Whatever the context, this method requires many demonstrations in order to deploy a deep learning method. In fact, learning from raw visual inputs requires a large amount of data. Current deep learning visual signal recognition systems use hundreds of thousands of images to teach a robot to perform a task.
Other restrictions complicate the visual data analysis process. According to the researchers, a robot faces two main challenges. It must:
- detect and scrutinize the instructor’s movements and interaction with objects and the environment;
- perform tasks with limbs whose structure, movement and speed differ from those of the human body.
A Technology Combining Two Deep Learning Methods
The technology created by the team combines two methods: learning through imitation and meta-learning. In meta-learning the robot receives upstream-supplied metadata from a similar machine that has succeeded in imitating a human being performing a task. From this demonstration, the robot learns to compare human gestures with robot gestures. This learning phase enables it to identify the task, learn how to analyze human skills and how to replicate them. The process uses an algorithm known as Model-Agnostic Meta-Learning (MAML). The researchers adapted solutions used in natural language learning.

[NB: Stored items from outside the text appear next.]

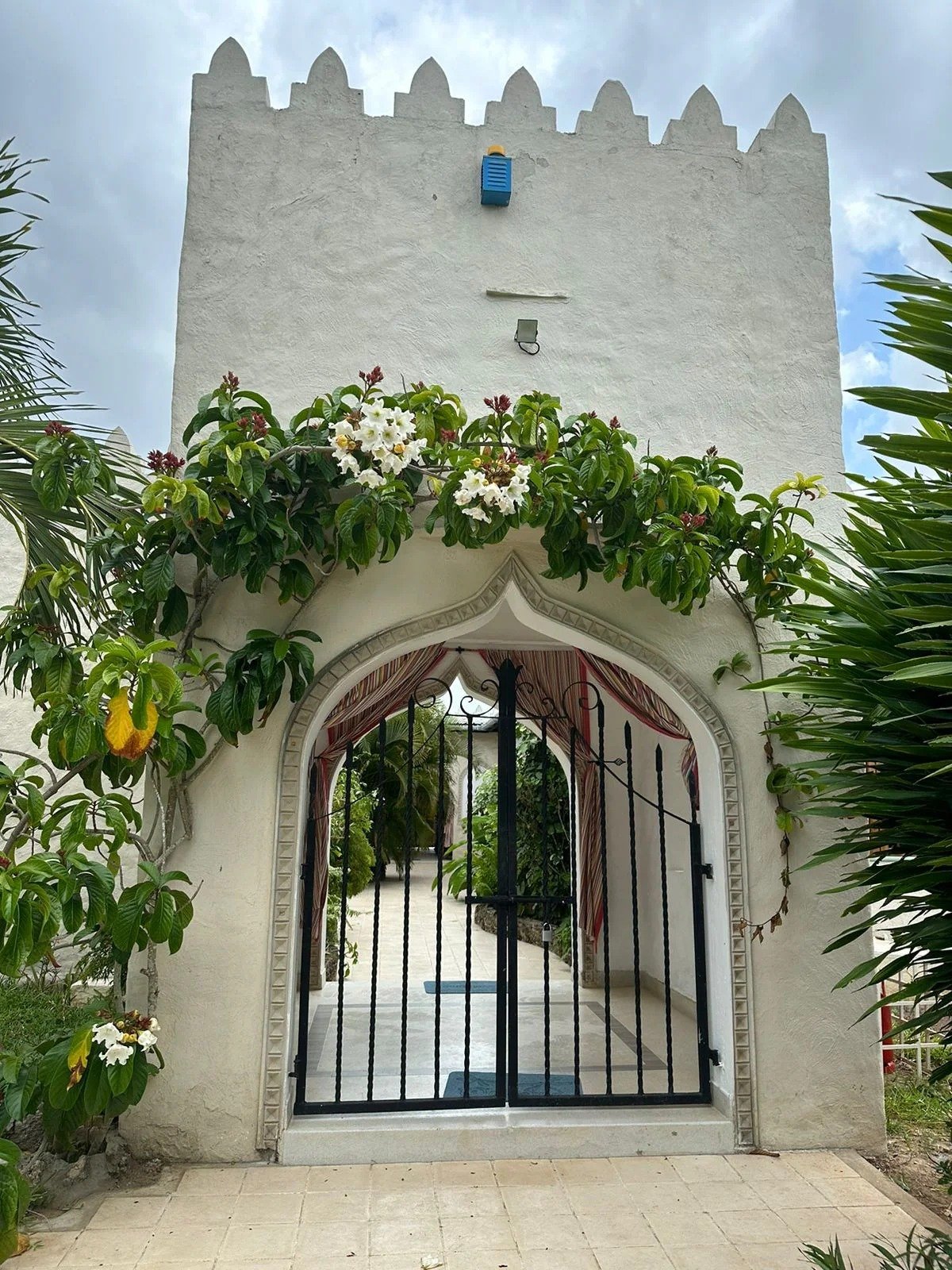 This charming Moroccan-style home offers a serene and spacious getaway, featuring a central courtyard that connects the three bedrooms on one side, with the kitchen and dining room on the other, and a spacious living room and veranda at the front.
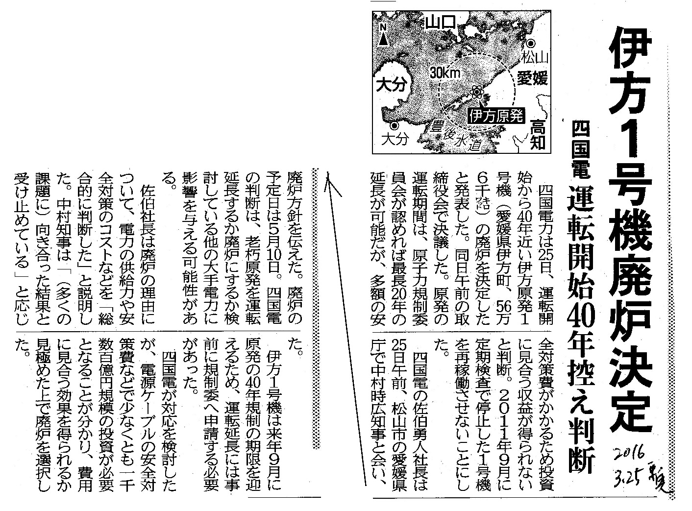 [2016_03_25_03]伊方1号機 廃炉決定 四国電 運転開始40年控え判断(東奥日報2016年3月25日)
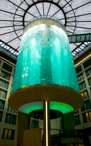 This is turn reminded me of the city’s current aquarium attraction—the Aquadom—located on Karl-Liebknecht-Straße, whose main feature—a giant cylindrical fish tank occupying the space above the reception area of the Radisson Hotel, and which is free for anyone to see—remains as equally well-hidden from passersby on the street outside. For a long time I was oblivious of this free spectacle, having walked past it unawares countless times previously, until one summer, while I was staying in Berlin, a friend tipped me off of its existence by email. On a bright afternoon a few days later, while walking from the reading rooms of the Zentral Bibliothek on Breitestraße towards the train station on Alexanderplatz, passing close by the Radisson Hotel in the process, I remembered the tip-off and, being in no particular hurry, decided to investigate for myself.

Then, when the robot is presented with a new video showing a person doing another task by manipulating different objects, it will deduce that it must reproduce the same gestures to achieve the same result. In addition, it will execute the task by translating human movements and their interactions with the environment according to its own motor abilities and the actual context.
To evaluate this system, the team equipped a robot with training data from a robot applying wall paint. Then the robot watched a single video showing a man moving an object to perform the same task.
The team wants to increase the robot’s learning capabilities by allowing it to learn to do different tasks from a single visual demonstration.
This study entitled “One-Shot Imitation from Observing Humans via Domain-Adaptive Meta-Learning,” co-authored by Tianhe Yu, Chelsea Finn, Annie Xie, Sudeep Dasari, Tianhao Zhang, Pieter Abbeel and Sergey Levine, was published online at the Cornell University Library.